→ **WORK ORDER**
Retype only the lines below from the one with "In the cab of" to the one with "SysCon BlechschraubenInhalt: 2000", inclusive, skipping every image.

··· EXTRACTED INFORMATION ···

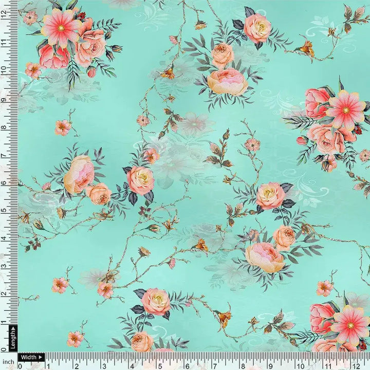 Flower Branch Allover Digital Printed Fabric - Crepe
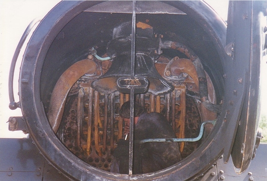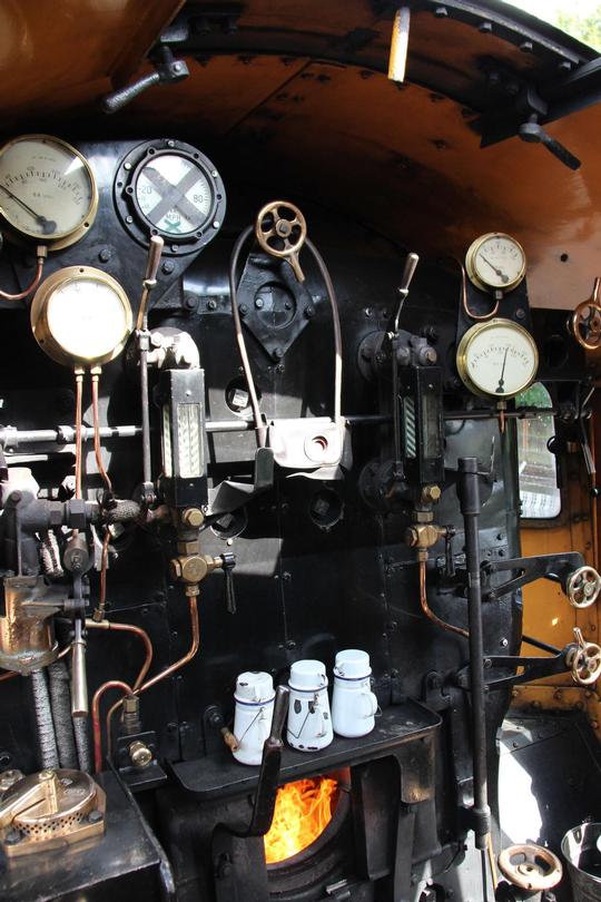 In the cab of this British Railways standard class 5 loco. The loco is left hand drive so most of the driver's controls are out of shot. Notice the cans of tea keeping warm above the firebox door and the token giving authority to enter the section of line hanging on a valve.
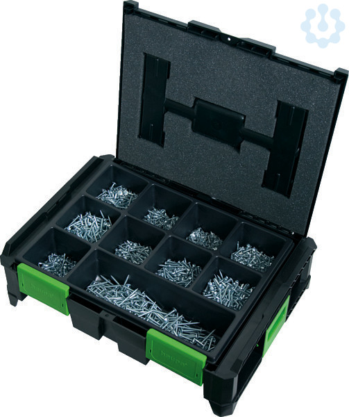 SysCon BlechschraubenInhalt: 2000 Universalschrauben1 ? 220370 ? ABS-Kunststoffbox ?SysCon S? 1 ? 220375 ? Sortimentseinlage ?SysCon? 1 ? 220399 ? Schaumeinlage ?SysCon? 400 x 300 x 10 mm ? Menge ? Art. Nr. ? Bezeichnung ? Antr.? Größe. ? 200 ? 790327 ? Universalschraube Linsenkopf ? PH2 ? 4,2 x 19 ? 200 ? 790329 ? Universalschraube Linsenkopf ? PH2 ? 4,2 x 25 ? 200 ? 790332 ? Universalschraube Linsenkopf ? PH2 ? 4,2 x 31 ? 200 ? 790333 ? Universalschraube Linsenkopf ? PH2 ? 4,2 x 38 ? 200 ? 790450 ? Montageschraube mit Scheibe ? PH2 ? 4,2 x 13 ? 200 ? 790452 ? Montageschraube mit Scheibe ? PH2 ? 4,2 x 25 ? 200 ? 790456 ? Montageschraube mit Scheibe ? PH2 ? 4,2 x 45 ? 200 ? 790470 ? Montageschraube mit Scheibe selbsts. ? PH2 ? 4,2 x 13 ? 200 ? 790423 ? Blechschraube DIN 7504M ? PH2 ? 24,2 x 16 ? 200 ? 790426 ? Blechschraube DIN 7504M ? PH2 ? 4,2 x 25
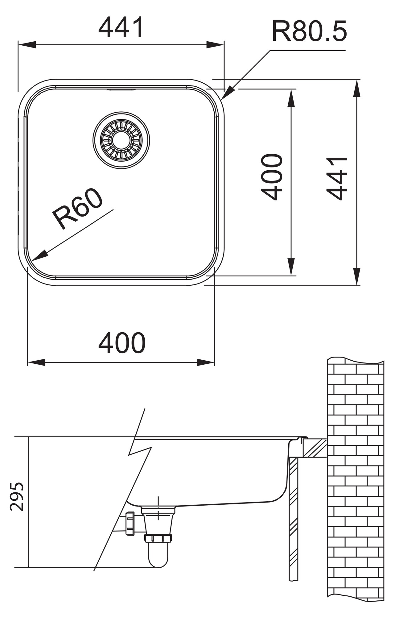 Rozměr dřezu: 441 x 441 mm
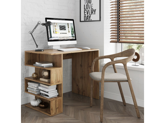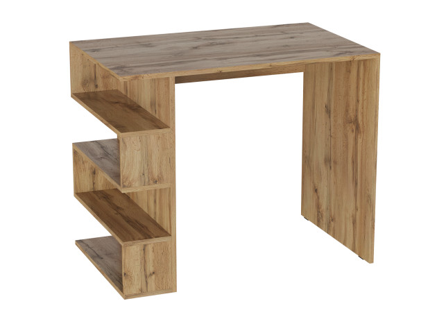 Письменный стол Штерн — это комбинация удобной рабочей поверхности и оригинальной системы хранения в виде встроенного стеллажа. Благодаря оптимальным габаритам модель подойдет как для отдельного кабинета, так и для небольшой рабочей зоны в гостиной, спальне или подростковой комнате.
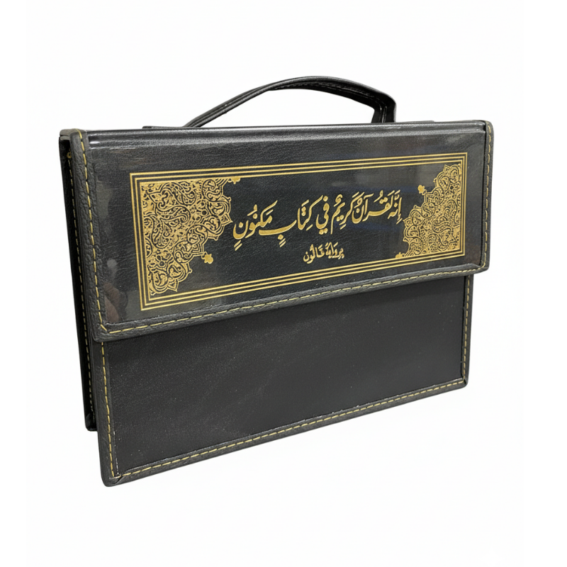 المصحف محفوظ داخل حقيبة أنيقة عالية الجودة بلون جذاب، مزينة بكتابة ذهبية راقية تحمل عبارة

···

→ **WRITTEN RESPONSE**
 In the cab of this British Railways standard class 5 loco. The loco is left hand drive so most of the driver's controls are out of shot. Notice the cans of tea keeping warm above the firebox door and the token giving authority to enter the section of line hanging on a valve.
 SysCon BlechschraubenInhalt: 2000 Universalschrauben1 ? 220370 ? ABS-Kunststoffbox ?SysCon S? 1 ? 220375 ? Sortimentseinlage ?SysCon? 1 ? 220399 ? Schaumeinlage ?SysCon? 400 x 300 x 10 mm ? Menge ? Art. Nr. ? Bezeichnung ? Antr.? Größe. ? 200 ? 790327 ? Universalschraube Linsenkopf ? PH2 ? 4,2 x 19 ? 200 ? 790329 ? Universalschraube Linsenkopf ? PH2 ? 4,2 x 25 ? 200 ? 790332 ? Universalschraube Linsenkopf ? PH2 ? 4,2 x 31 ? 200 ? 790333 ? Universalschraube Linsenkopf ? PH2 ? 4,2 x 38 ? 200 ? 790450 ? Montageschraube mit Scheibe ? PH2 ? 4,2 x 13 ? 200 ? 790452 ? Montageschraube mit Scheibe ? PH2 ? 4,2 x 25 ? 200 ? 790456 ? Montageschraube mit Scheibe ? PH2 ? 4,2 x 45 ? 200 ? 790470 ? Montageschraube mit Scheibe selbsts. ? PH2 ? 4,2 x 13 ? 200 ? 790423 ? Blechschraube DIN 7504M ? PH2 ? 24,2 x 16 ? 200 ? 790426 ? Blechschraube DIN 7504M ? PH2 ? 4,2 x 25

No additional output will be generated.